The Rainiers lost a wild one down in Memphis last night, 13-11. The Redbirds scored all 13 runs in the first three innings, but Tacoma pulled within 13-10 in the top of the fourth. But the offenses went quiet the rest of the night. Sean White gave up the first eight runs in 1 1/3 innings. Every Tacoma starter had at least one hit. Catcher Rob Johnson continued a torrid streak by going 4-for-4 with a home run. Johnson is 21-for-42 (.500) over his last 10 games, with three homers. Unfortunately for Rob, he's likely stuck at the AAA level despite his .306/.374/.465 line, with Kenji Johjima and Jeff Clement getting the playing time with the M's.

Doug Fister's nightmare continued in West Tenn last night. Fister hasn't won since May, and the futility streak ran to eight consecutive losses after a 5-3 loss to Birmingham. Strangely, like Rob Johnson in Tacoma, West Tenn catcher Adam Moore is hitting exactly .500 (18-for-36) in his last 10 games, and now has a .324/.395/.510 line on the season. But Moore is even further removed from a spot with the big club, with the depth in the organization at catcher (and the curious decision to sign Kenji Johjima to an extension).

Denny Almonte hit two homers last night for the Timber Rattlers as they beat Beloit 10-0. Keith Renaud threw 6 2/3 innings for his first win with the Rattlers, allowing four hits.

Dennis Raben hit his third homer for Everett last night, but the Frogs lost to Spokane 11-7. Kenn Kasparek had thrown well in his first three starts with Everett, but he was lit up for six earned runs in four innings last night. The AquaSox have the worst ERA in the league at 4.98.
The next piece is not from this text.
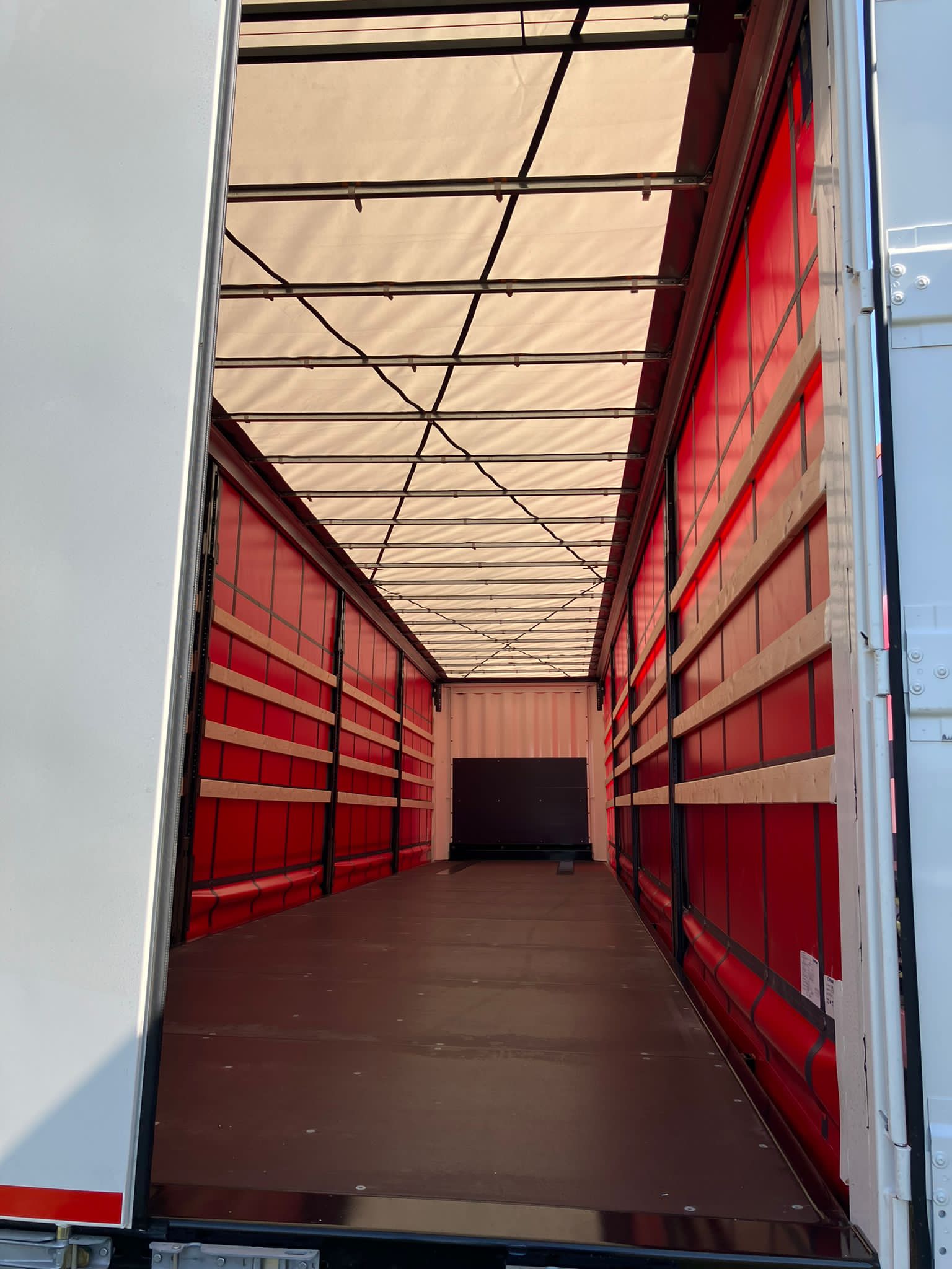 2025 registered but unused, Durabrites, 4.159m tall, sliding roof, Krone drum, white headboard and doors with red curtains, pillars and mmix of alloy and wood boards.

Pulaski lost to Princeton 6-1 last night, but it's the game they played last Friday that warrants mentioning. I should first note that the P-Mariners are having a very good season, and have a 3 ½ game lead in the Appy League's East Division. But they have been on the wrong end of a couple of odd games. They were no-hit in a rain-shortened game that lasted 6 1/3 innings, and then this past Friday happened. In a 13-7 loss to Burlington, the M's racked up a staggering nine errors on the night. Four of the errors occurred on consecutive plays in the first inning. They put up single miscues in the second, fourth, and seventh innings, and then wrapped things up with two more in the ninth. The major league record for errors in a game is 12, set in 1901 and equaled in 1903.